Nowhere is minimizing wait time more important, arguably, than in sports stadiums; fans repeatedly say they’ll abandon long concession lines for fear of missing game action. That’s one reason why Major League Baseball’s Miami Marlins participated in a kiosk initiative, featuring Oracle Hospitality’s Simphony point-of-sale platform and Workstation 620. The deployment may generate other benefits as well. According to a major Oracle study (The Fan Experience: Changing the Game with Food & Beverage), U.S. fans, on average, reported they would spend an additional $20 for food and beverage if wait times were cut in half – representing a 43% increase in typical spend per party.

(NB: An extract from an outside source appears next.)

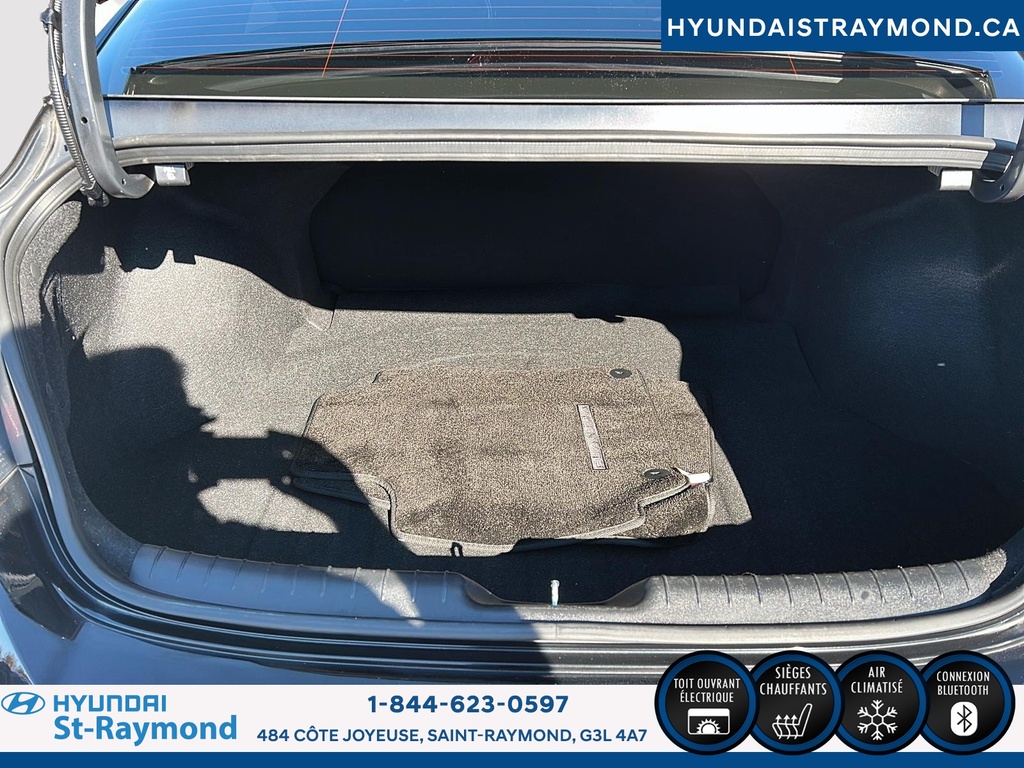 Le Hyundai Elantra 2023 version Preferred IVT avec ensemble technologie, offert par Hyundai St-Raymond, se démarque par sa fiabilité, son efficacité et son équipement moderne. Ce sedan noir, à transmission automatique, affiche 62 539 km. Il propose une expérience de conduite agréable et sécuritaire, idéale pour la vie quotidienne. CARACTÉRISTIQUES DU Elantra Preferred IVT avec ensemble technologie »» Démarrage par bouton-poussoir »» Toit ouvrant électrique »» Sièges avant chauffants »» Système de surveillance des angles morts CARACTÉRISTIQUES DE SÉCURITÉ AVANCÉES »» Avertissement de sortie de voie »» Caméra de recul »» Coussins gonflables latéraux »» Surveillance des angles morts PERFORMANCE ET EFFICACITÉ »» Moteur 2,0 litres »» Transmission automatique IVT »» Consommation écoénergétique reconnue »» Conduite stable et silencieuse CONFORT »» Sièges avant chauffants »» Rétroviseurs extérieurs chauffants »» Démarrage sans clé »» Toit ouvrant pour aération naturelle TECHNOLOGIE ET CONNECTIVITÉ »» Intégration Bluetooth »» Caméra de recul intégrée »» Commandes audio au volant »» Système d'avertissement de sortie de voie ESPACE DE CHARGEMENT »» Coffre spacieux pour la catégorie »» Ouverture du coffre à distance »» Banquette arrière rabattable »» Accès facile au coffre APPRÉCIÉ DES AUTRES PROPRIÉTAIRES »» Faible consommation de carburant »» Système de sécurité complet »» Confort de conduite au quotidien »» Technologie conviviale et accessible GARANTIE »» Garantie originale du manufacturier: 25 Août 2027 ou 100000 Km Le NIV de ce Hyundai Elantra Preferred IVT avec ensemble technologie 2023 est le KMHLM4AG9PU399428.

But for food and beverage operators to achieve maximum value, it’s imperative that kiosks be part of an integrated solution. For example, pairing Oracle Hospitality hardware – kiosks and Kitchen Display System – not only improves operational efficiency but generates invaluable business insights.
“KDS provides work screens that are digitized, which will separate an online order from a kiosk order from an in-house order from a phone order – and it’s going to track all of those and make sure you don’t lose any of them,” Rowland said. “It’s going to collate and collect them and report on them, and tell you which channel is giving you what amount of revenue at what time and with what products.”
The ability to gain such intelligence is just another reason why the adoption of kiosks has passed the tipping point. Major brands – from food and beverage to sports and entertainment – are confident now that they’ll reap a healthy return on investment.
“If you’re looking for a reference point, all you need to do is take a look at the big boys,” Rowland said. “If you haven’t moved toward kiosks yet, it’s time to pay attention.”